One mental health success story shared Friday came from Maj. Timothy Moore of the Metropolitan Washington Airports Authority police.
One of that agency’s officers who was on an FBI joint terrorism task force suffered from alcoholism. But he was sent to a 30-day treatment program, returned and got sober, Moore said. The officer went back to the task force and today is thriving.
“He’s now a key member of our peer-support team,” Moore said.
A key to getting mental health support and training ingrained in a department is to get veteran officers to embrace it, said Capt. Chad McKnight of the Culpeper County Sheriff’s Office. Then their younger colleagues will likely fall in line.
“If we get the seasoned folks on board, I think we’ll be really making leaps and bounds,” McKnight said.
Put another way: instilling good mental-health habits requires changing the way business is done at law-enforcement agencies, said Lt.
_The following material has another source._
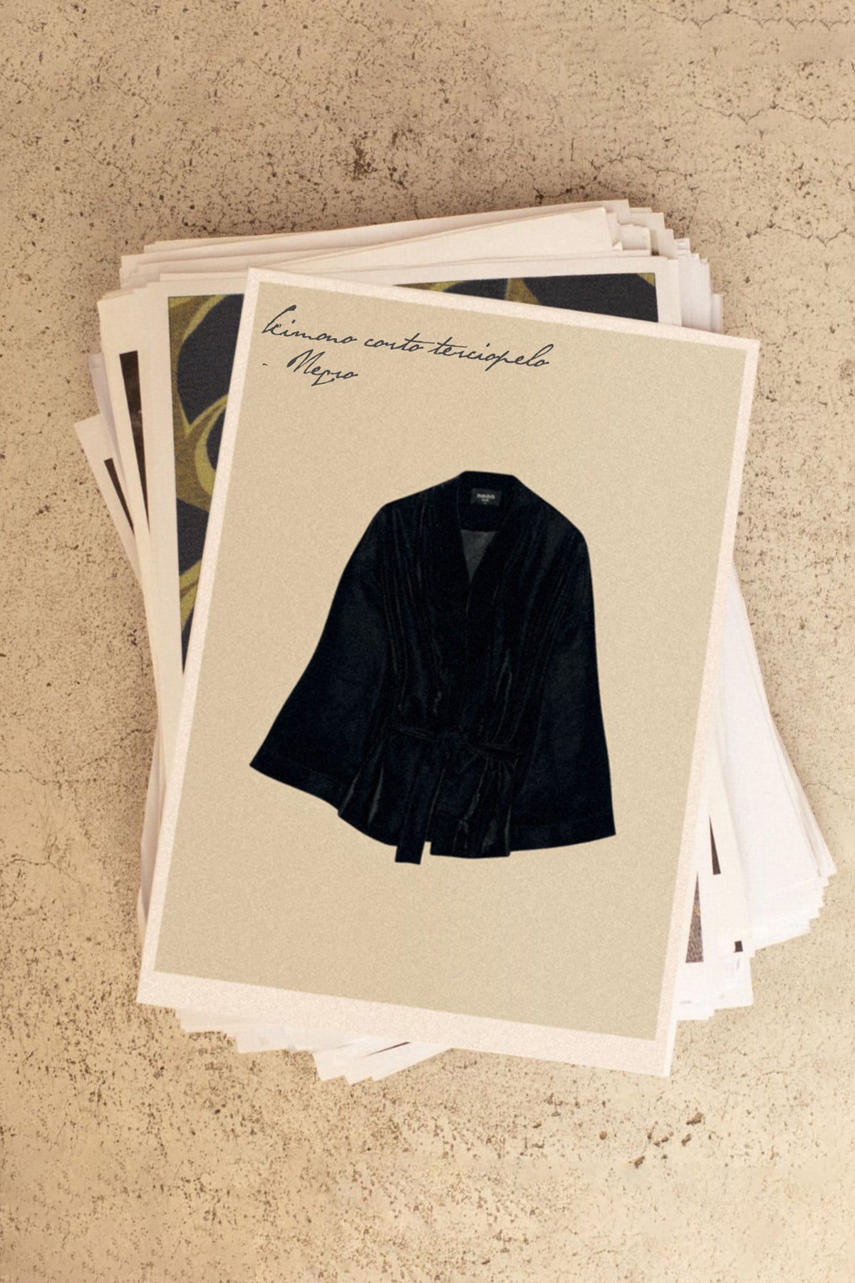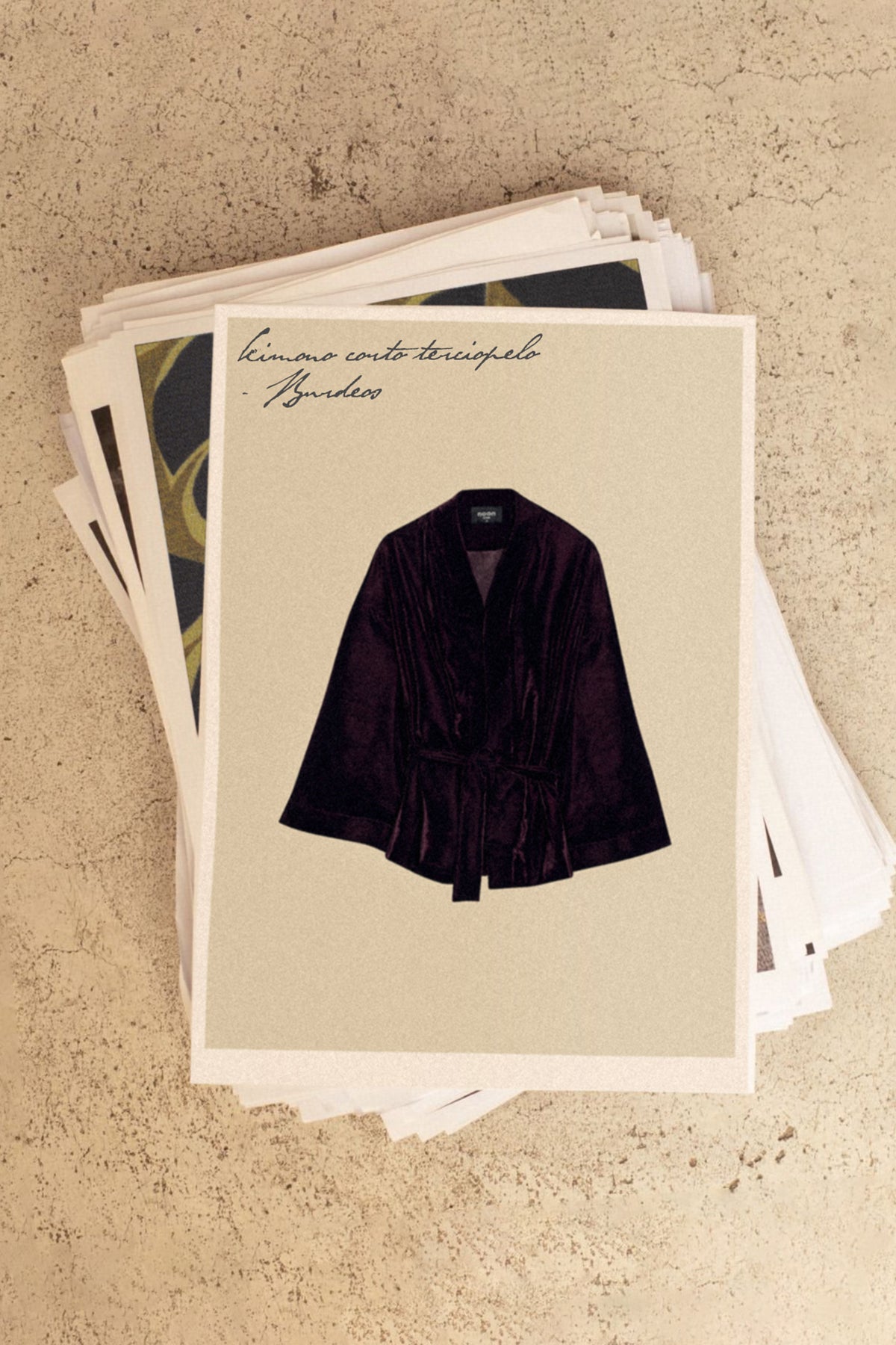 Short Velvet Kimono with Long Sleeves . Design Wraparound with front tie closure and oversized sleeves for style and comfort. Available in black and burgundy. Perfect for Complete your guest looks with a distinctive touch this season!

Timothy Blayman of the airports authority police.
“It’s about changing the culture within the organization,” Blayman said.
Warner also pointed out that grants like the one that went to the Fredericksburg police are technically federal “non-defense spending.” So, when politicians talk about cutting a percentage of non-defense spending, that spending shouldn’t be considered frivolous just because it’s not going to national defense.
“All this stuff in law enforcement is non-defense,” Warner said.